Unless algorithms are smarter than humans and you have a monopoly on such algorithms expect humans to adopt and continue with their bullshit only now they will be much harder to systematically "classify". All the while during this unwinnable evolution of war real people continue to be flagged and collateral damage accrues... but don't take my word for it ... try to send an email and have any assurance if it being delivered and not silently ignored by a "machine learning" algorithm answerable to nobody.

Skype Email

[Sarkie]

They say this, but someone signed up for Skype on my email account. They just put my email in, (they were Arabic) and for the next 2 weeks I got Skype spam, so I reset this persons account, logged in then I emailed their support, they said sorry, but I asked how they allowed it without verifying it, "just the way it is and it'll probably take 2 weeks for the batch processes to delete your info"

Re:Aha, coming soon: slash user base by 68%

[jonwil]

Its a miracle Skype still works on my Nokia N900 (Linux phone, much better than the Windows Phone crap Nokia are doing now and still with functional Skype or at least as functional as Skype on a phone can get)

Re:Lovely

[cayenne8]

Maybe so...but the 'smart' minority, and hopefully, after all the NSA scandal, and news about how corporations are vacuuming up personal info, and sometimes losing it (Target), perhaps more people are more inclined to start being a little more anonymous.

And wow...I didn't know you were required on Skype to give real, honest, personally identifying information?!?! My account is under a pseudonym under a throw away email account...

Sure it is traceable, but not readily without some decent effort.

Re:So they mistakenly tell 1:20 people to fuck off

[sayno2quat]

Me thinks thou doth protest too much.

You're using the phrase incorrectly.

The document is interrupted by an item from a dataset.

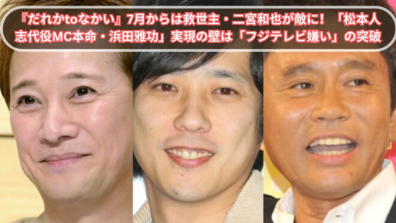 『だれかtoなかい』7月からは救世主・二宮和也が敵に!「松本人志代役MC本命・浜田雅功」実現の壁は「フジテレビ嫌い」の突破

That phrase doesn't mean "You're whining too much". Rather, it is an argument for attributing guilt. An archaic form of the more recent "He who denied it, supplied it".

Re:So they mistakenly tell 1:20 people to fuck off

[icebike]

Me think thou doth pedant too much.

Re:Lovely

[viperidaenz]

No, I'm part of the minority as well.
You're part of the problem, profiling people in to specific categories based on meta-data and implications of content you observe taken out of context.